Walker began the 2023 season with Syracuse, where he made nine appearances and logged a 0.68 ERA with 18 strikeouts in 13 1/3 innings pitched. On May 16, 2023, Walker was selected to the 40-man roster and promoted to the major leagues for the first time. In 14 games for the Mets, he struggled to an 8.10 ERA with 12 strikeouts in 10 innings of work. On August 14, Walker was placed on the injured list with a right oblique strain. He was transferred to the 60–day injured list on August 17.

Walker was optioned to Triple-A Syracuse to begin the 2024 season. In 10 games for the Mets, he recorded a 5.11 ERA with 11 strikeouts across 12 1/3 innings pitched. Walker was designated for assignment following the acquisition of Ryne Stanek on July 26.

===Pittsburgh Pirates===
On July 30, 2024, Walker was traded to the Pittsburgh Pirates in exchange for Nicolas Carreno.
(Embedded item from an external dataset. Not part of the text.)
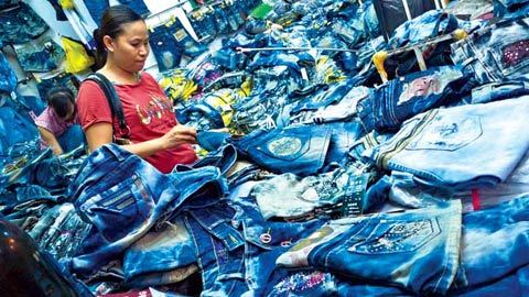 Nhiều mẫu mã chủng loại quần jeans có thương hiệu của Trung Quốc được nhập và bán nhiều tại các chợ sỉ trong TP HCM và các tỉnh với giá thường cao hơn giá bán hàng jeans nội địa, nhưng thị trường vẫn chuộng mua.

After one appearance for the Triple-A Indianapolis Indians, the Pirates designated Walker for assignment on August 9. He was released by the organization the next day. Walker re-signed with the Pirates on a minor league contract on August 15. He elected free agency following the season on November 4.

===Toronto Blue Jays===
On December 20, 2024, Walker signed a one–year, $760,000 contract with the Toronto Blue Jays. He was optioned to the Triple-A Buffalo Bisons to begin the 2025 season. In three appearances for Toronto, Walker recorded a 7.20 ERA with eight strikeouts over five innings of work. On May 25, 2025, Walker was designated for assignment following the promotion of Ali Sánchez.

===Philadelphia Phillies===
On May 29, 2025, Walker was traded to the Philadelphia Phillies in exchange for cash considerations. In 23 appearances for the Triple-A Lehigh Valley IronPigs, he logged a 2–1 record and 4.50 ERA with 22 strikeouts over 26 innings of work. On August 19, Walker was designated for assignment by the Phillies.

===Baltimore Orioles===
On August 21, 2025, Walker was claimed off waivers by the Baltimore Orioles. In six appearances for the Triple-A Norfolk Tides, he recorded a 2.70 ERA with seven strikeouts across 6 2/3 innings pitched. Walker was designated for assignment by the Orioles on November 6.

On November 13, 2025, Walker was claimed off waivers by the Atlanta Braves. He was designated for assignment by the Braves on December 5. On December 10, Walker was claimed back off waivers by the Orioles. He was designated for assignment following the acquisition of Shane Baz on December 19. Walker cleared waivers and was sent outright to Norfolk on January 7, 2026. He was assigned to Triple-A Norfolk to begin the regular season. On May 11, the Orioles selected Walker's contract, adding him to their active roster.